Universal Credit is a new type of support that is replacing certain benefits such as Jobseeker’s Allowance, and all tax credits. It’s being introduced gradually. If you’re working in a bank or building society we’ve summarised what we think you might need to know about it.

What is Universal Credit?

Universal Credit is a new monthly payment for people who are either unemployed, or working but on a low income.

It will eventually replace all of the following benefits and tax credits:

  • Income-based Jobseeker’s Allowance
  • Income-related Employment and Support Allowance
  • Income Support
  • Child Tax Credit
  • Working Tax Credit
  • Housing Benefit

What is different about Universal Credit?

How Universal Credit is paid

Universal Credit is paid directly into the customer’s bank account. They get a single monthly payment and that includes the money they need to use to pay their rent.

  Current benefits and tax credits Universal Credit
How it’s paid If a customer doesn’t have a bank, building society or credit union account, their payment can go into a Post Office card account or - in some circumstances - onto a Simple Payment card. Directly into the customer’s bank, building society or credit union account.
How often it’s paid Benefits are normally paid fortnightly and tax credits are normally paid weekly or every four weeks. Universal Credit is paid monthly.
Number of payments Each benefit is paid separately. A single Universal Credit payment.
Help with rent Housing Benefit can be paid straight to the landlord.
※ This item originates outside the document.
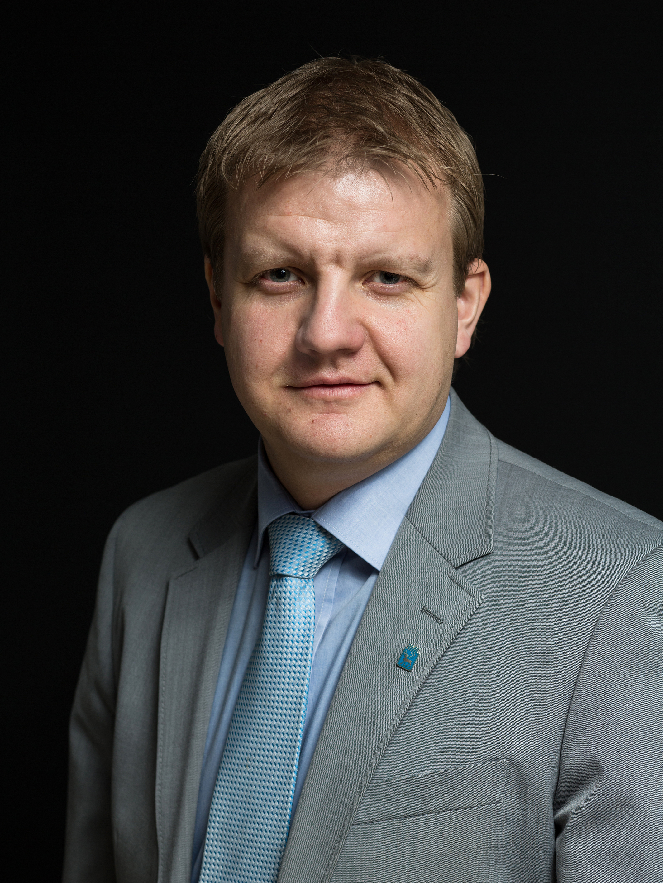 Byrådsleder Øyvind Hilmarsen, Head of City Council Bildet kan fritt lastes ned. Vennligst krediter fotograf. --- This image may be downloaded for commercial and non-commercial use. Please credit the photographer. Foto / Photo Credit: Mark Ledingham, Tromsø kommune.

The housing element of Universal Credit (help with rent) goes direct to the customer who has to arrange their own rent payments to their landlord.
Who receives the money Some of the benefits and tax credits being phased out can be paid to either partner in a couple and some go to the partner who does most of the childcare. Universal Credit is a single payment per household into a nominated bank account. If a couple are claiming Universal Credit the bank account can be in the name of either partner or a joint account in both names.

Other differences with Universal Credit

The claims process and what happens to someone’s payments when they start working (or increase their hours) are also different under Universal Credit.
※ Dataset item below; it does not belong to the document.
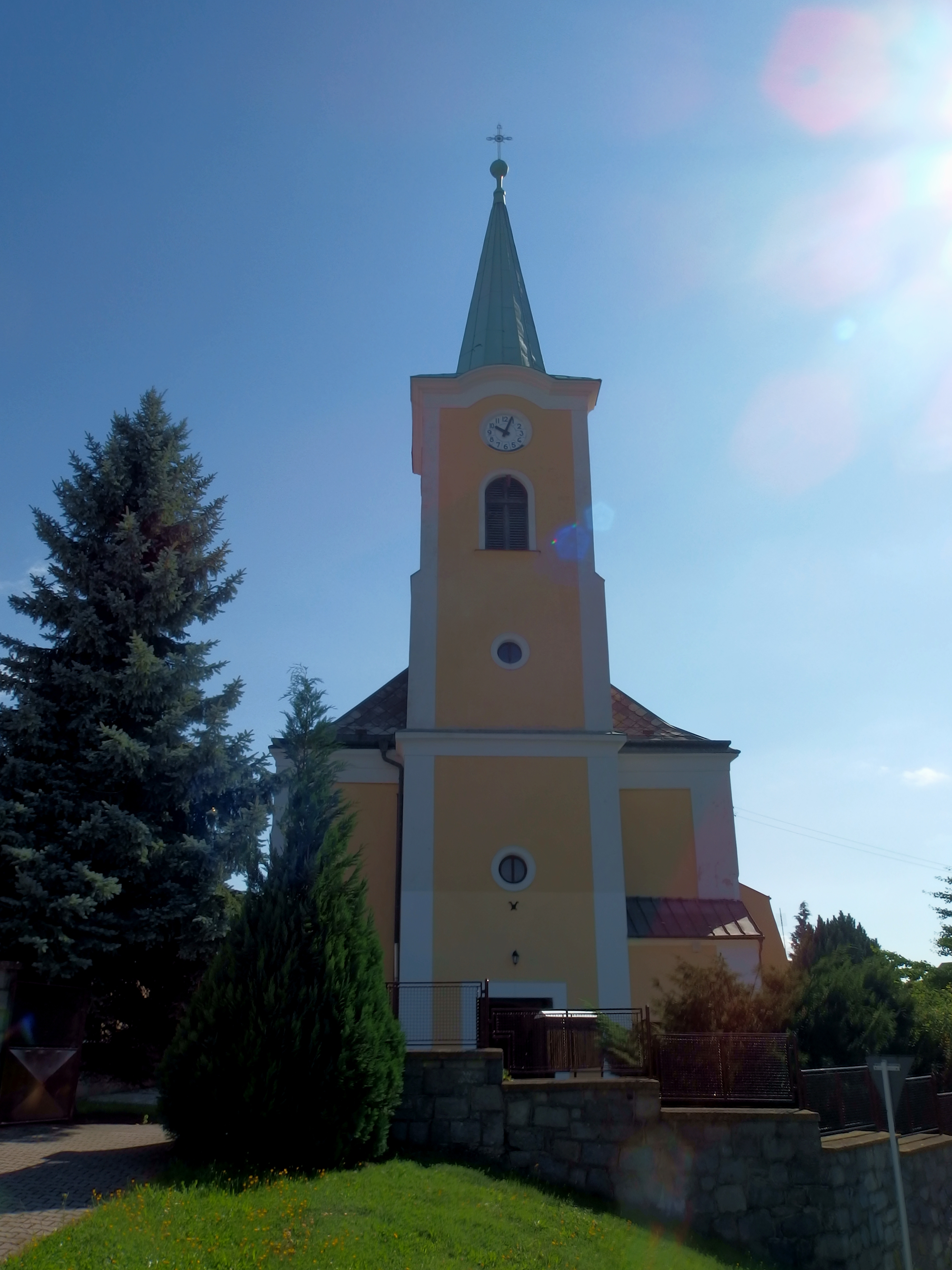 Slavkov, Opava District, Czech Republic.

  Current benefits Universal Credit
How to claim People can claim benefits and tax credits by completing paper forms, over the phone or sometimes by filling in forms online. Most customers will make their claim for Universal Credit online, although anyone who needs it will be able to get face-to-face advice or help over the phone.
Working and claiming If someone is working 16 hours or more per week they will no longer qualify for some benefits. There are no limits on how many hours a week someone can work if they’re claiming Universal Credit. Instead the amount of Universal Credit they get will gradually reduce as they earn more.
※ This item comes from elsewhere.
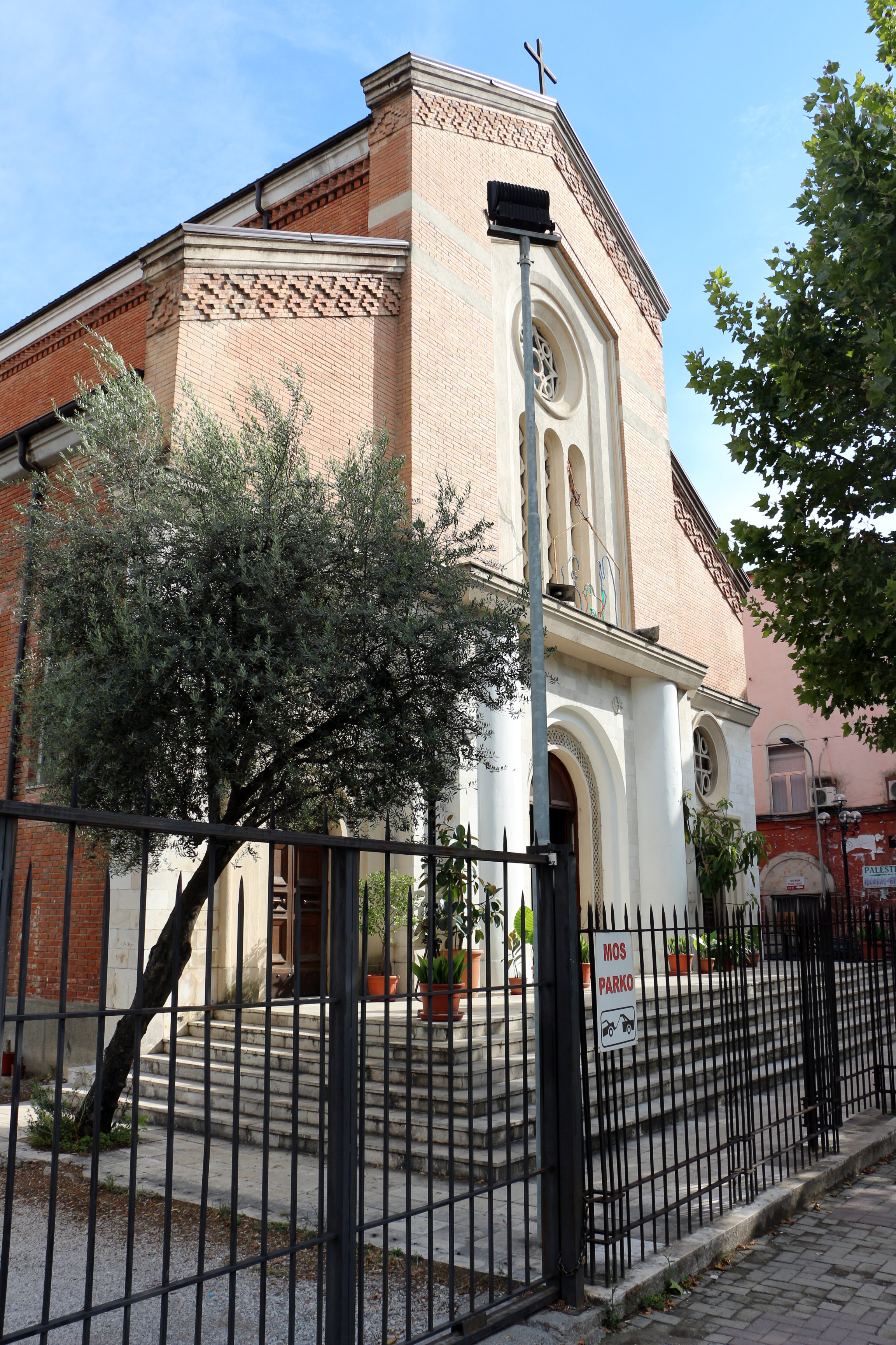 Churches in Tirana

The Money Advice Service leaflet ‘Get ready for Universal Credit explains what people need to do to prepare for the changes. It’s ideal for handing out to your customers.

When does Universal Credit start?

Universal Credit is being introduced in stages. Most people won’t be affected to start with. Right now, Universal Credit mostly affects newly unemployed people in certain areas of the country.

You can find out where it’s currently possible to claim Universal Credit on the GOV.UK website.